Ирваниэль все лежал на диванчике, иногда закрывал глаза и впадал в дрему. Впрочем, за его морщинами глаз было почти не видно. Он действительно не храпел, а из-за того, что и дыхание, и сердцебиение у гендеров редки, казалось, будто он умер. Атрелла не стала беспокоить старика, примостилась у окошка и принялась смотреть на весеннюю природу центрального Рипена. Зеленела трава, выстилавшая землю вдоль дороги. Где-то внизу проплывали занятые своими делами люди, редкие постройки и сады, сады… еще не цветущие, но уже сплошь покрытые розовыми бутонами.
Ирваниэль завозился на диване и как ни в чем не бывало продолжил:
— Сначала поменять название моей должности забыли, а потом сохранили как память и, как говорите вы, молодые, — для прикола.
Атрелла повернулась к гендеру и кивнула:
— Действительно, прикольно. Только я это слово не люблю. Меня воспитывал отец, а он очень строгих правил.

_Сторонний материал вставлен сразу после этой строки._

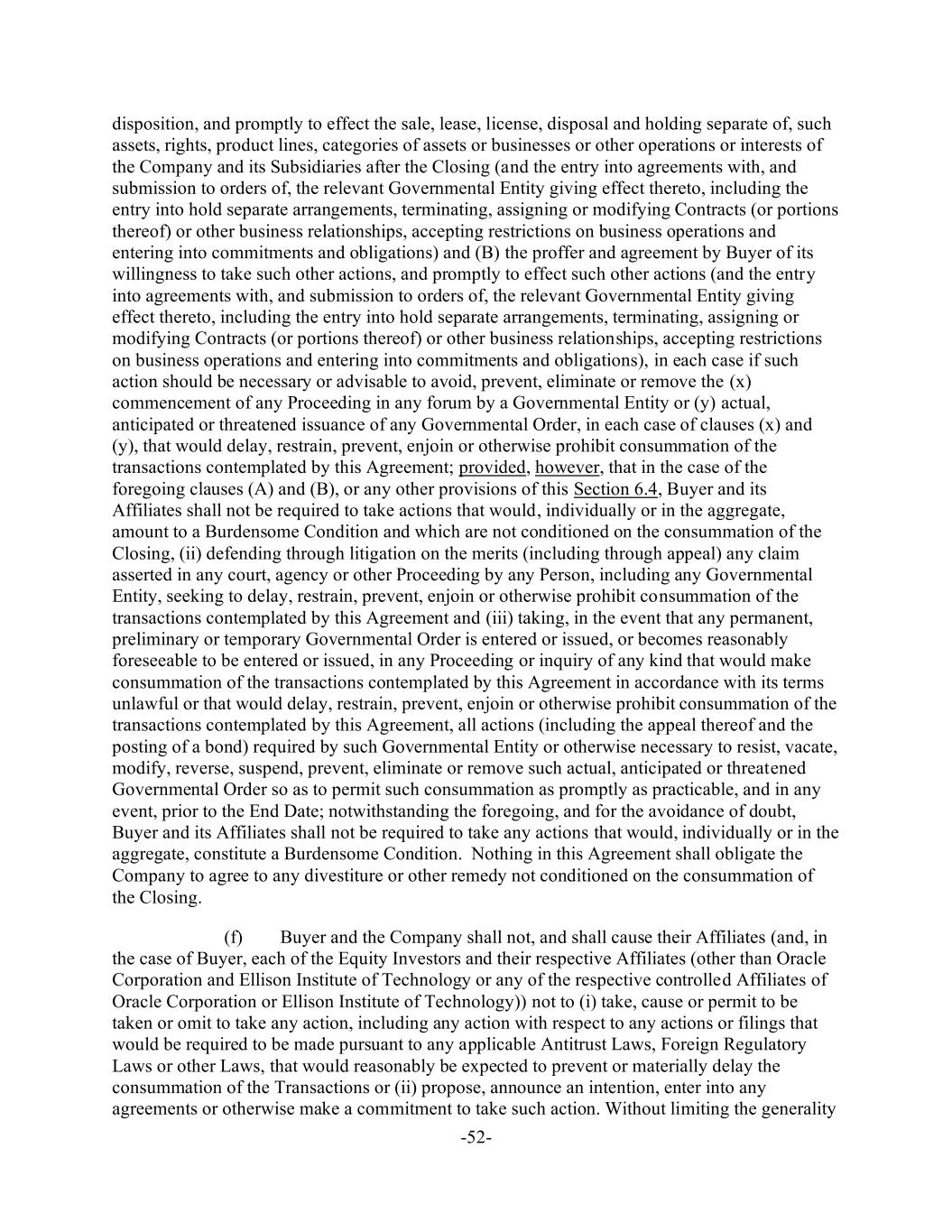 -52- disposition, and promptly to effect the sale, lease, license, disposal and holding separate of, such assets, rights, product lines, categories of assets or businesses or other operations or interests of the Company and its Subsidiaries after the Closing (and the entry into agreements with, and submission to orders of, the relevant Governmental Entity giving effect thereto, including the entry into hold separate arrangements, terminating, assigning or modifying Contracts (or portions thereof) or other business relationships, accepting restrictions on business operations and entering into commitments and obligations) and (B) the proffer and agreement by Buyer of its willingness to take such other actions, and promptly to effect such other actions (and the entry into agreements with, and submission to orders of, the relevant Governmental Entity giving effect thereto, including the entry into hold separate arrangements, terminating, assigning or modifying Contracts (or portions thereof) or other business relationships, accepting restrictions on business operations and entering into commitments and obligations), in each case if such action should be necessary or advisable to avoid, prevent, eliminate or remove the (x) commencement of any Proceeding in any forum by a Governmental Entity or (y) actual, anticipated or threatened issuance of any Governmental Order, in each case of clauses (x) and (y), that would delay, restrain, prevent, enjoin or otherwise prohibit consummation of the transactions contemplated by this Agreement; provided, however, that in the case of the foregoing clauses (A) and (B), or any other provisions of this Section 6.4, Buyer and its Affiliates shall not be required to take actions that would, individually or in the aggregate, amount to a Burdensome Condition and which are not conditioned on the consummation of the Closing, (ii) defending through litigation on the merits (including through appeal) any claim asserted in any court, agency or other Proceeding by any Person, including any Governmental Entity, seeking to delay, restrain, prevent, enjoin or otherwise prohibit consummation of the transactions contemplated by this Agreement and (iii) taking, in the event that any permanent, preliminary or temporary Governmental Order is entered or issued, or becomes reasonably foreseeable to be entered or issued, in any Proceeding or inquiry of any kind that would make consummation of the transactions contemplated by this Agreement in accordance with its terms unlawful or that would delay, restrain, prevent, enjoin or otherwise prohibit consummation of the transactions contemplated by this Agreement, all actions (including the appeal thereof and the posting of a bond) required by such Governmental Entity or otherwise necessary to resist, vacate, modify, reverse, suspend, prevent, eliminate or remove such actual, anticipated or threatened Governmental Order so as to permit such consummation as promptly as practicable, and in any event, prior to the End Date; notwithstanding the foregoing, and for the avoidance of doubt, Buyer and its Affiliates shall not be required to take any actions that would, individually or in the aggregate, constitute a Burdensome Condition. Nothing in this Agreement shall obligate the Company to agree to any divestiture or other remedy not conditioned on the consummation of the Closing. (f) Buyer and the Company shall not, and shall cause their Affiliates (and, in the case of Buyer, each of the Equity Investors and their respective Affiliates (other than Oracle Corporation and Ellison Institute of Technology or any of the respective controlled Affiliates of Oracle Corporation or Ellison Institute of Technology)) not to (i) take, cause or permit to be taken or omit to take any action, including any action with respect to any actions or filings that would be required to be made pursuant to any applicable Antitrust Laws, Foreign Regulatory Laws or other Laws, that would reasonably be expected to prevent or materially delay the consummation of the Transactions or (ii) propose, announce an intention, enter into any agreements or otherwise make a commitment to take such action. Without limiting the generality

— А мама? — гендер произнес это слово с неожиданным чувством, очень тепло.
— А маму я не помню.
Гендер закрыл глаза и, покопавшись в памяти, предложил:
— Если тебе интересно, я могу кое-что рассказать о твоем отце, когда он был молод и учился в университете.
Атрелла подскочила от удивления:
— Вы его знали?
— Нет, не знал, — морщины на лице гендера обозначили улыбку. — Но я читал кое-какие документы и кое-что знаю о Витунге Орзмунде.
Девушка жадно уставилась на престарелого гендера:
— Расскажите, пожалуйста!
— Несколько лет назад я получил архивы коллегии национального здоровья, — гендер опять повозился на диване, устраиваясь поудобнее. — Фамилия Орзмунд мне знакома, как любому гендеру. Меня заинтересовал этот человек, и я стал более внимательно разбирать все документы, которые прямо или косвенно касались его.
"Все-таки гендеры не умеют говорить коротко", — подумала Атрелла.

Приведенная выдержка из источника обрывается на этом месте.